▸ Supplied data:
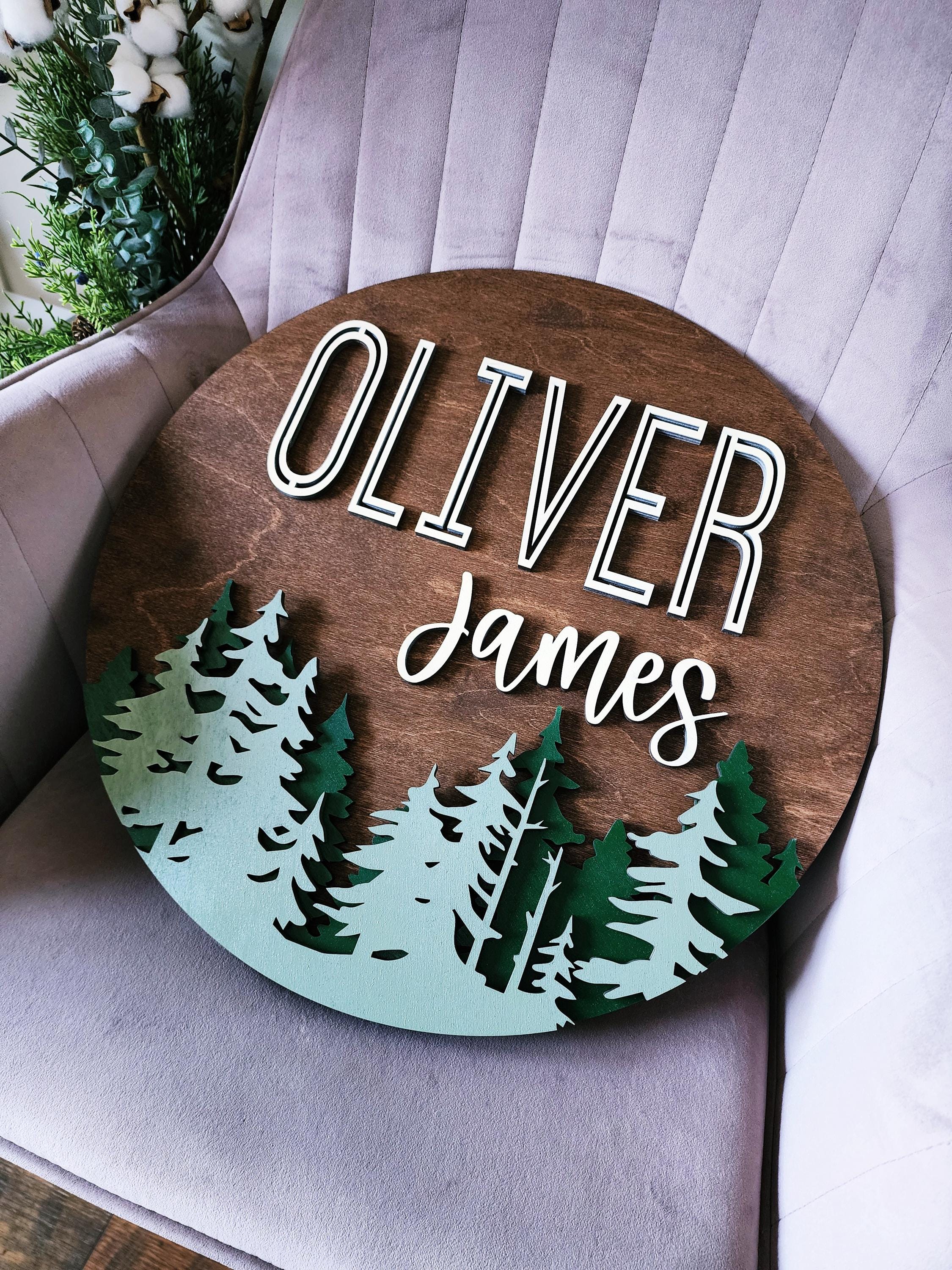 Custom Pine Tree Woodland Name Sign: Layered Wood Nursery Decor
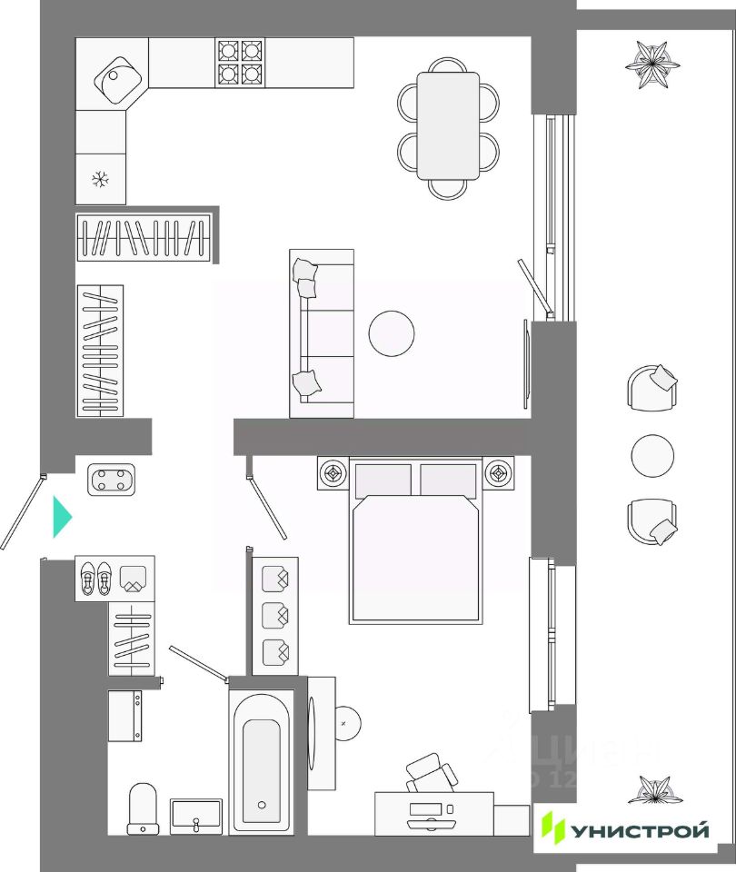 Представлен широкий выбор планировок — от студий до просторных семейных квартир. Доступны варианты с террасами, мастер-спальнями и гардеробными. Во всех квартирах выполнена качественная предчистовая отделка.
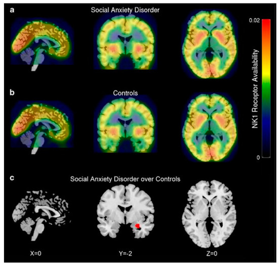 [11C]GR205171 PET/MRI imaging of NK1R occupancy in social anxiety disorder patients (a) and healthy controls (b). Mean PET parametric scans (in colour) of radiotracer were overlaid on MRI images and compared between both groups. Patients with social anxiety disorder showed increased NK1 receptor availability in the right amygdala (c) [156].
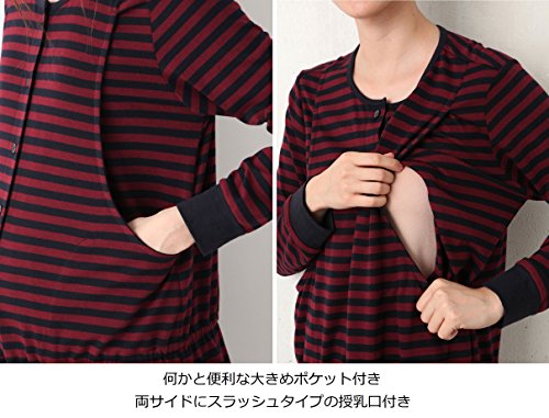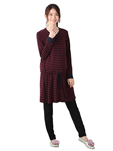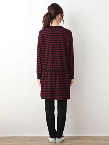 Angeliebe エンジェリーベ 授乳 口 付 先染め カットソー ボーダー × 無地 パンツ パジャマ M ワイン
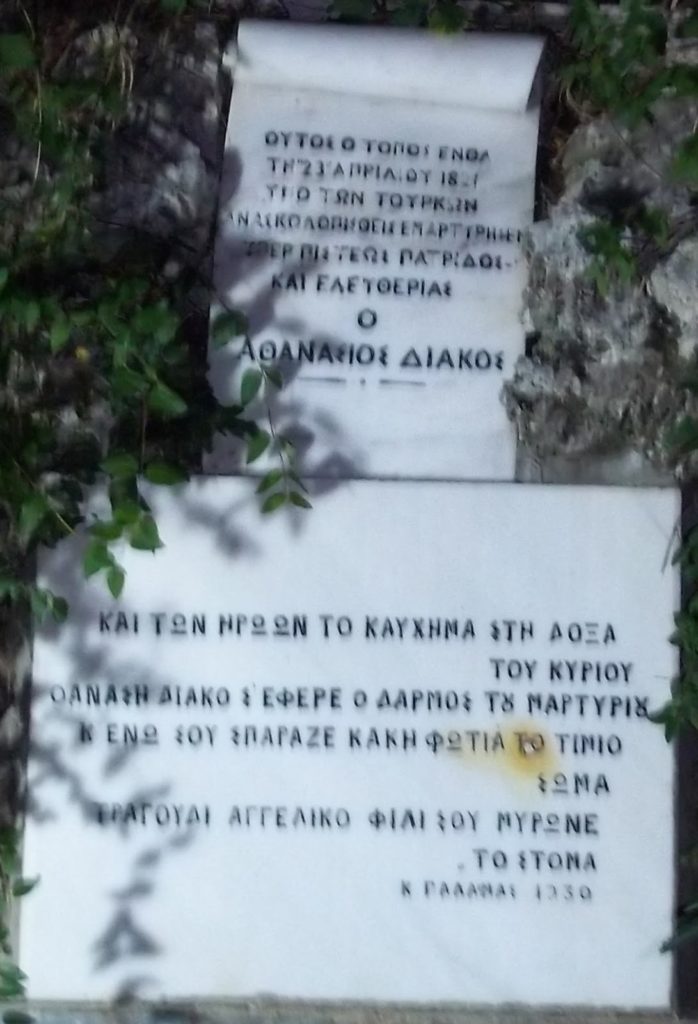 Σε ένα σημείο, βρήκαν ένα σωρό – σκελετό ανθρώπινου σώματος και αφού δεν είχαν βρεθεί άλλα γύρω, κατέληξαν ότι ήταν του Διάκου. Το συγκέντρωσαν, το καθάρισαν και τα έβαλαν σε ένα κουτί ξύλινο και τα έθαψαν πάλι στο ίδιο σημείο, τοποθετώντας πάνω μερικές πέτρες και έναν σταυρό με το όνομα του.
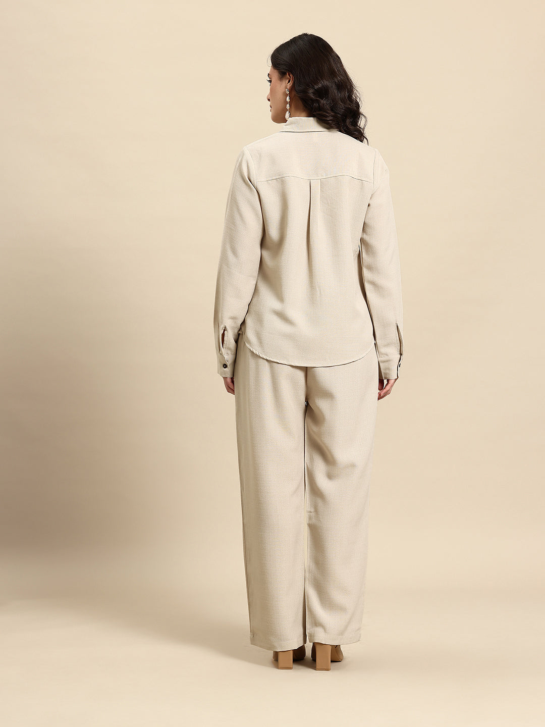 Product Details  These Co-ords consist of a shirt and a pair of trousersTop design: Beige textured shirt with embroidered detail  Spread collar Long, cuffed sleeves  Button closure Curved hem  Bottom...
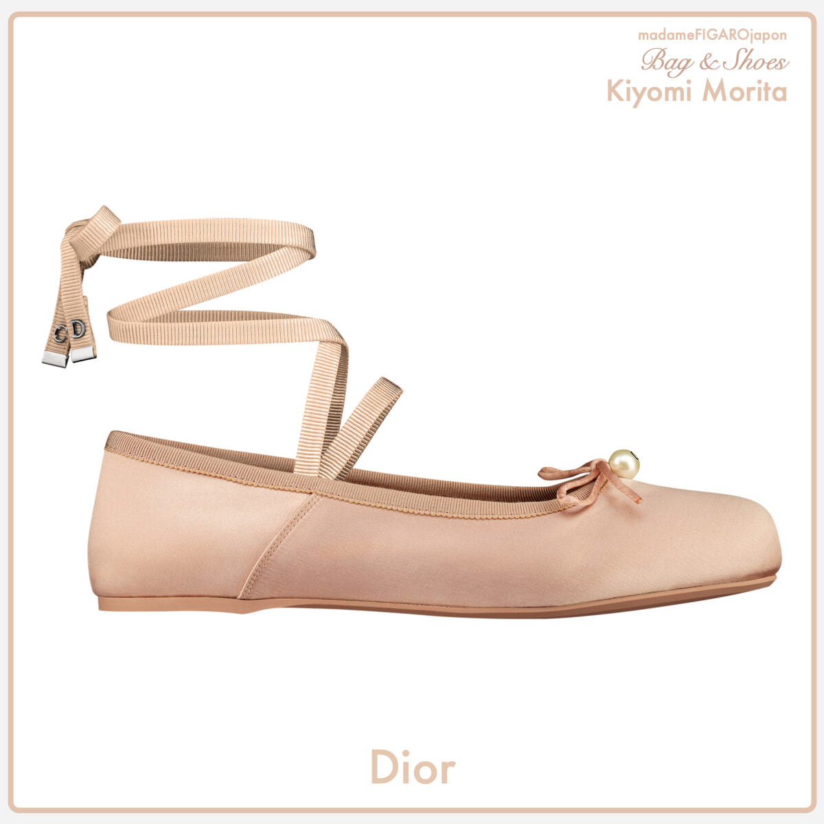 「今季は、バレエシューズが人気メゾンから多数登場。活動的かつベーシックかつ可憐な足元のスタイリングが好きな人にとっては、まさに「買い」の時期!」と語る森田が、そのトレンドの中で特に気になったのはディオールの一足。「ブラックか迷いますがピンク色にロックオン。トウの部分のスクエアのフォルムやアンクルストラップまでまさにバレリーナ風で、パールとリボンのアクセントも愛らしい。ドレスなど甘口の洋服と合わせるのは王道だけれど、ジャケット&パンツスタイルでも合いそう。そして、ベーシックなのに案外目を引く足元を演出できるのが、バレエシューズの特権だと思います」
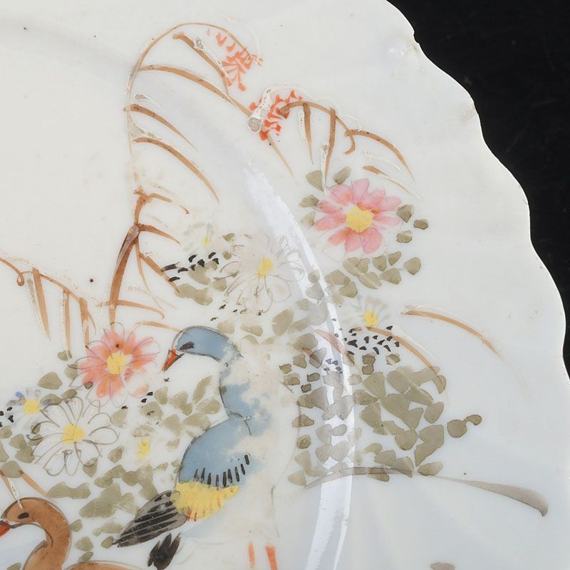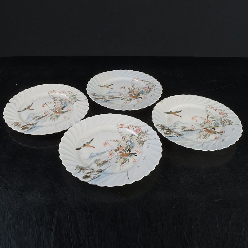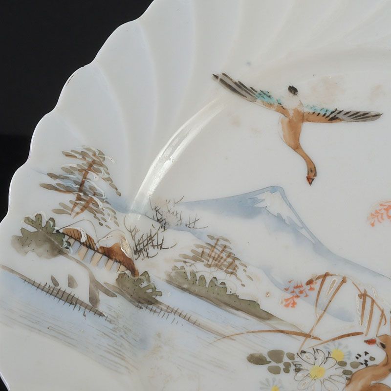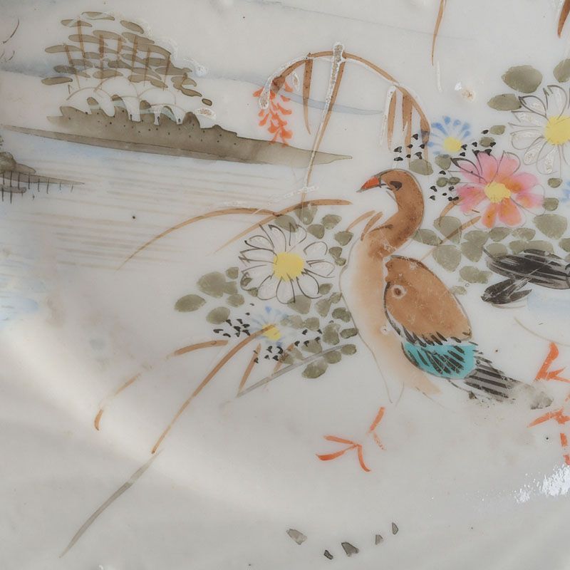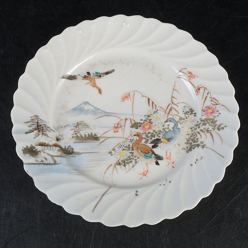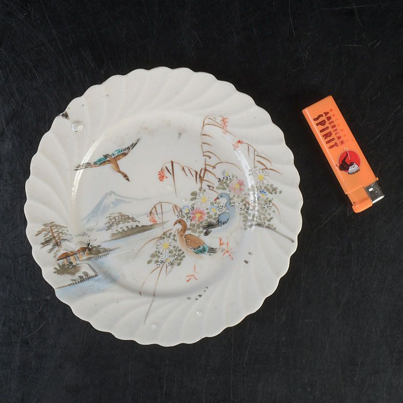 九谷焼 色絵 山水花鳥文 皿 七客 在銘 C S514
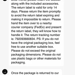 Arrived surprisingly fast. Took a little while to assemble. Light is bright but wish there indicator lights on the front also. I charged the battery and went 1.8 miles going 20 mph. Ride back, the battery was at one bar & wouldn’t go over 16 mph. But I’m satisfied. Comes in handy!
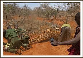 The giraffe was reported by Big Life scouts as having been snared on the right hind limb. The Amboseli Unit responded promptly and met Serengei Conservancy led by the warden on the ground.
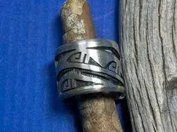 Das Design dieses Rings zeigt Wassersymbole, die in der Hopi-Kultur als Sinnbild für Leben, Erneuerung und Verbindung zwischen den Welten gelten. Die Linien sind schwungvoll, zugleich streng gegliedert und rhythmisch angeordnet. Die dunklen Flächen zwischen den polierten Erhebungen lassen die Bewegung des Wassers beinahe spürbar werden.
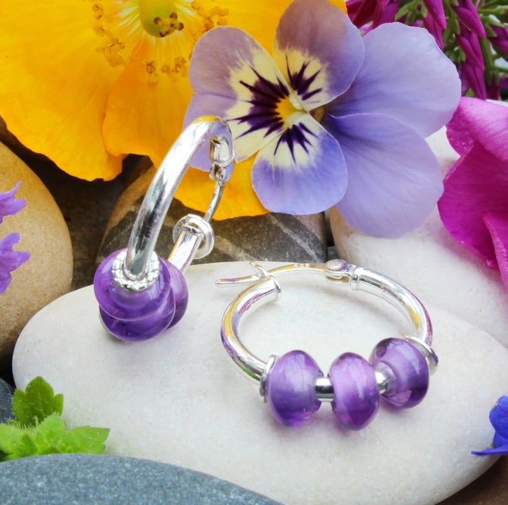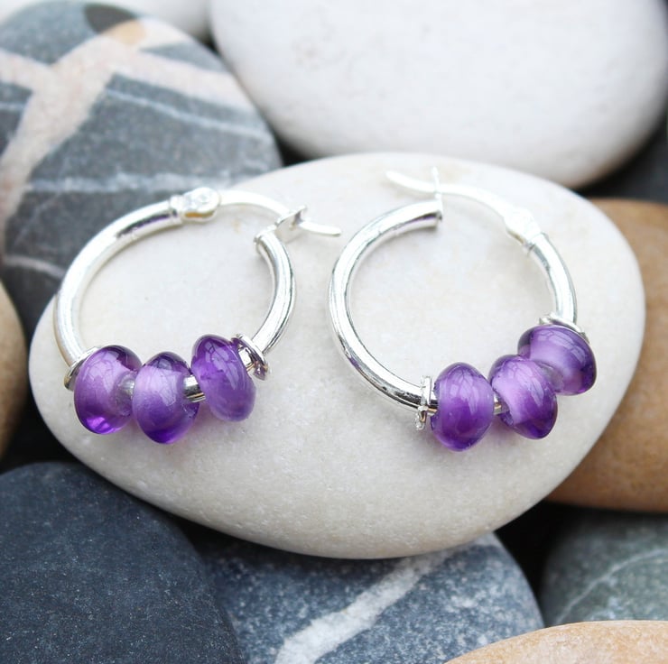 These sleeper hoop earrings have been handmade by us in our workshop in Yorkshire. The earrings are made from 925 sterling silver and measure 18mm in diameter and they feature three 6mm natural Amethyst gemstones. The drilled holes in the Amethyst have been cleverly covered with small decorative silver hoops.
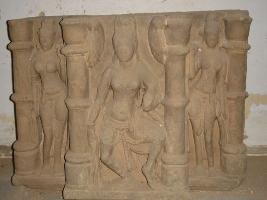 | Description / विवरण | A sculptured architectural fragment depicting three female figures in different niche. At the centre one female figure is in dancing, position. In her right hand she is holding her drapery, and holding a fruit in her left hand. She is adorned with jewels like garland, bangles and earring. She is wearing a girdle, tussels of which reaches upto her knee. At her both sides two female chanwari bearers are depicted holding chanwari. They are adorned with jewels and wearing a girdle and are in standing posture. |
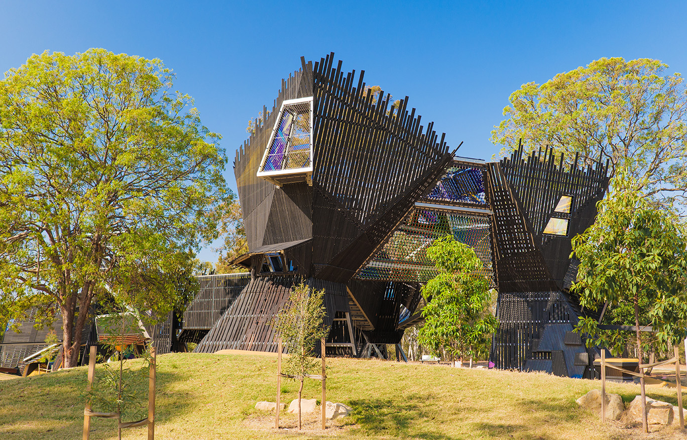 This concept draws inspiration from the surrounding habitats of local lorikeets. The ‘biological city’ is made up of a complex series of ‘hollows’ (the tower-like structures) and ‘byways’ (connecting bridges). ‘Hollows’ are everywhere within the landscape and home to local lorikeets, which is where inspiration is found for the shape, form, and name. ‘Byways’ is the road less travelled, but it also alludes to a sense of mystery the playground’s form provides.

▸ What you are asked to do: Leave every image out when you return the material above word for word.

▸ Response:
 Custom Pine Tree Woodland Name Sign: Layered Wood Nursery Decor
 Представлен широкий выбор планировок — от студий до просторных семейных квартир. Доступны варианты с террасами, мастер-спальнями и гардеробными. Во всех квартирах выполнена качественная предчистовая отделка.
 [11C]GR205171 PET/MRI imaging of NK1R occupancy in social anxiety disorder patients (a) and healthy controls (b). Mean PET parametric scans (in colour) of radiotracer were overlaid on MRI images and compared between both groups. Patients with social anxiety disorder showed increased NK1 receptor availability in the right amygdala (c) [156].
 Angeliebe エンジェリーベ 授乳 口 付 先染め カットソー ボーダー × 無地 パンツ パジャマ M ワイン
 Σε ένα σημείο, βρήκαν ένα σωρό – σκελετό ανθρώπινου σώματος και αφού δεν είχαν βρεθεί άλλα γύρω, κατέληξαν ότι ήταν του Διάκου. Το συγκέντρωσαν, το καθάρισαν και τα έβαλαν σε ένα κουτί ξύλινο και τα έθαψαν πάλι στο ίδιο σημείο, τοποθετώντας πάνω μερικές πέτρες και έναν σταυρό με το όνομα του.
 Product Details  These Co-ords consist of a shirt and a pair of trousersTop design: Beige textured shirt with embroidered detail  Spread collar Long, cuffed sleeves  Button closure Curved hem  Bottom...
 「今季は、バレエシューズが人気メゾンから多数登場。活動的かつベーシックかつ可憐な足元のスタイリングが好きな人にとっては、まさに「買い」の時期!」と語る森田が、そのトレンドの中で特に気になったのはディオールの一足。「ブラックか迷いますがピンク色にロックオン。トウの部分のスクエアのフォルムやアンクルストラップまでまさにバレリーナ風で、パールとリボンのアクセントも愛らしい。ドレスなど甘口の洋服と合わせるのは王道だけれど、ジャケット&パンツスタイルでも合いそう。そして、ベーシックなのに案外目を引く足元を演出できるのが、バレエシューズの特権だと思います」
 九谷焼 色絵 山水花鳥文 皿 七客 在銘 C S514
 Arrived surprisingly fast. Took a little while to assemble. Light is bright but wish there indicator lights on the front also. I charged the battery and went 1.8 miles going 20 mph. Ride back, the battery was at one bar & wouldn’t go over 16 mph. But I’m satisfied. Comes in handy!
 The giraffe was reported by Big Life scouts as having been snared on the right hind limb. The Amboseli Unit responded promptly and met Serengei Conservancy led by the warden on the ground.
 Das Design dieses Rings zeigt Wassersymbole, die in der Hopi-Kultur als Sinnbild für Leben, Erneuerung und Verbindung zwischen den Welten gelten. Die Linien sind schwungvoll, zugleich streng gegliedert und rhythmisch angeordnet. Die dunklen Flächen zwischen den polierten Erhebungen lassen die Bewegung des Wassers beinahe spürbar werden.
 These sleeper hoop earrings have been handmade by us in our workshop in Yorkshire. The earrings are made from 925 sterling silver and measure 18mm in diameter and they feature three 6mm natural Amethyst gemstones. The drilled holes in the Amethyst have been cleverly covered with small decorative silver hoops.
 | Description / विवरण | A sculptured architectural fragment depicting three female figures in different niche. At the centre one female figure is in dancing, position. In her right hand she is holding her drapery, and holding a fruit in her left hand. She is adorned with jewels like garland, bangles and earring. She is wearing a girdle, tussels of which reaches upto her knee. At her both sides two female chanwari bearers are depicted holding chanwari. They are adorned with jewels and wearing a girdle and are in standing posture. |
 This concept draws inspiration from the surrounding habitats of local lorikeets. The ‘biological city’ is made up of a complex series of ‘hollows’ (the tower-like structures) and ‘byways’ (connecting bridges). ‘Hollows’ are everywhere within the landscape and home to local lorikeets, which is where inspiration is found for the shape, form, and name. ‘Byways’ is the road less travelled, but it also alludes to a sense of mystery the playground’s form provides.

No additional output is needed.